Ночью вновь явился Геворг, круша на пути стулья и низенький столик.

— Трепещи, грешница великая! — сказал он весело и встал над ней.

Айзгануш вскрикнула что было мочи, выбежала в чем была на крыльцо дома Аракела Аракеляна, сдававшего комнаты за умеренную плату, и тут же рухнула. И, когда до смерти оставалось всего лишь несколько секунд, ее привел в себя знакомый запах чесночного соуса.

— Айя! — сказал человек. — Бобошка моя пропала да Басеньки нет…

Айзгануш, которую назвали так нежно, обвила шею Ефима и вместе с ним заплакала от отчаяния и радости…

Так изо дня в день Айзгануш платила за свою радость буйством Геворга, не желавшего ее простить. Он являлся еженощно к ней и до смерти запугивал свою неверную, пока она не обратилась к старой турчанке, занимавшейся заговорами.

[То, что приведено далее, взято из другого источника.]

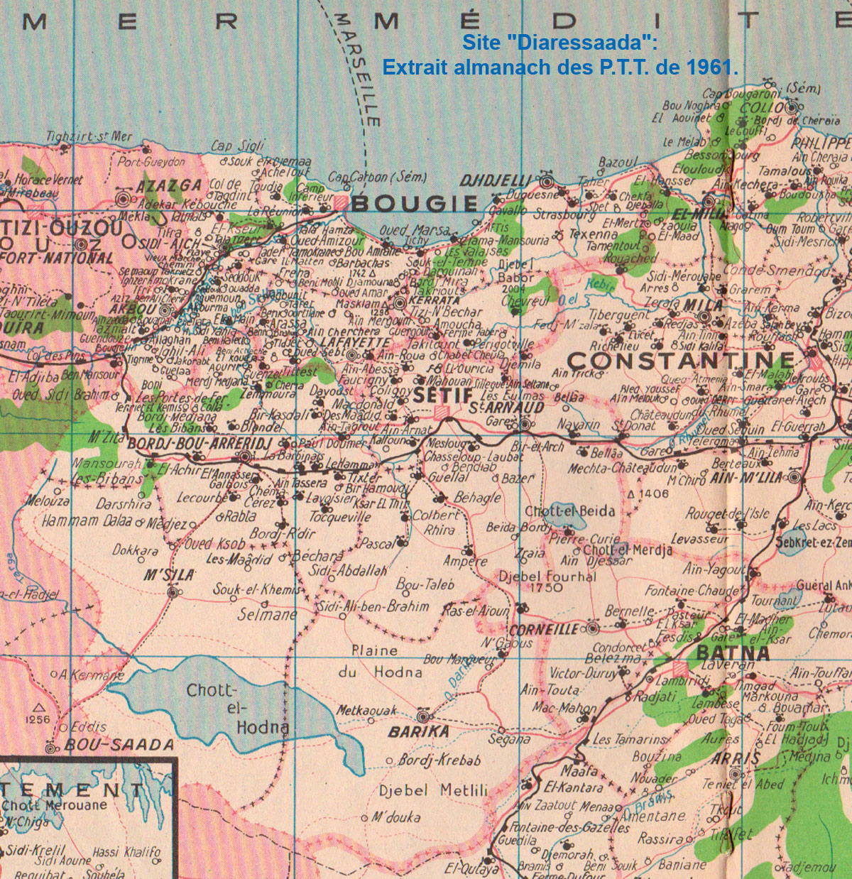 Le département "93" de Constantine, qui exista de 1848 à 1957, fut subdivisé en 4 parties le 28 juin 1956 qui devinrent départements le 20 mai 1957. Le 1er juillet 1957 furent créés les codes 9B "Batna", 9C "Bône", 9D "Constantine" et 9J "Sétif". Le 17 mars 1958 fut créé le département de Bougie ("9P") avec 5 arrondissements du département de Sétif, et 1 (Djidjelli) du département de Constantine. A cette même date l'arrondissement de Barika passa de Batna à Sétif, et l'arrondissement de Tébessa de Bône à Batna. Le 7 novembre 1959 le département de Bougie cessa d'exister et tous les arrondissements retrouvèrent leurs départements d'origine. Ci-contre à droite, un extrait de l'almanach des PTT de 1961, de Sétif et de Bougie.

Старушка внимательно выслушала Айзгануш и, ворочая двумя сухими сливами-глазами на пепельном лице, несколько раз кряду чихнула на сердолик, покоившийся у нее на засохшей, как кизяк, ладони. Потом она крепко зажмурила глаза, откинула голову назад и, словно мертвая, приоткрыла рот, откуда зажурчало колдовское журчание.

Айзгануш сидела как истукан, затаив дыхание, и ждала, когда колдунья наконец откроет глаза.

Но вот на лице турчанки сухо засверкали сливы, подернутые мглой.

— Твоего мужа, — сказала она, часто-часто шлепая губами, — я увела в Трабзон… Он теперь будет являться тем, кто пользовался от труда его…

Айзгануш открыла рот от удивления и досады. «Боже мой, — подумала она, — зачем его так далеко?.. Там же турки!» Она не понимала, что усопшего уже нельзя зарезать, как еще сравнительно недавно зарезали армян.

Расплатившись с турчанкой, Айзгануш бежала домой, подобрав подол платья, чтобы дать волю слезам. Хоть она и не любила своего мужа, но было его жаль. Как-никак чужбина есть чужбина. И там долмой[2] не кормят…

Даже теперь, когда минуло столько лет со дня кончины Геворга, так ни разу и не побеспокоившего ее после заговоров благодаря старой турчанке, она нет-нет да вспоминала его попреки за ее принадлежность к еврейской крови, словно от нее зависело, кем ей родиться.

— Жидовка пархатая! — кричал Геворг на Айзгануш, когда она, нафаршировав мясо, рыбу или овощи по наущению одного из своих предков, подавала на стол. — Сколько раз тебе говорено, чтобы ты не смела подавать еду, однажды кем-то уже жеванную?!

И Айзгануш, не очень уж лелеявшая в себе первую часть своего дыхания из-за отца, слишком рано сделавшего ей ручкой и сгинувшего в направлении Житомира, сейчас невольно была вынуждена защитить то, чем в равной степени — и от евреев, и от армян — владела, отвергая при этом одну из составных частей целого другой.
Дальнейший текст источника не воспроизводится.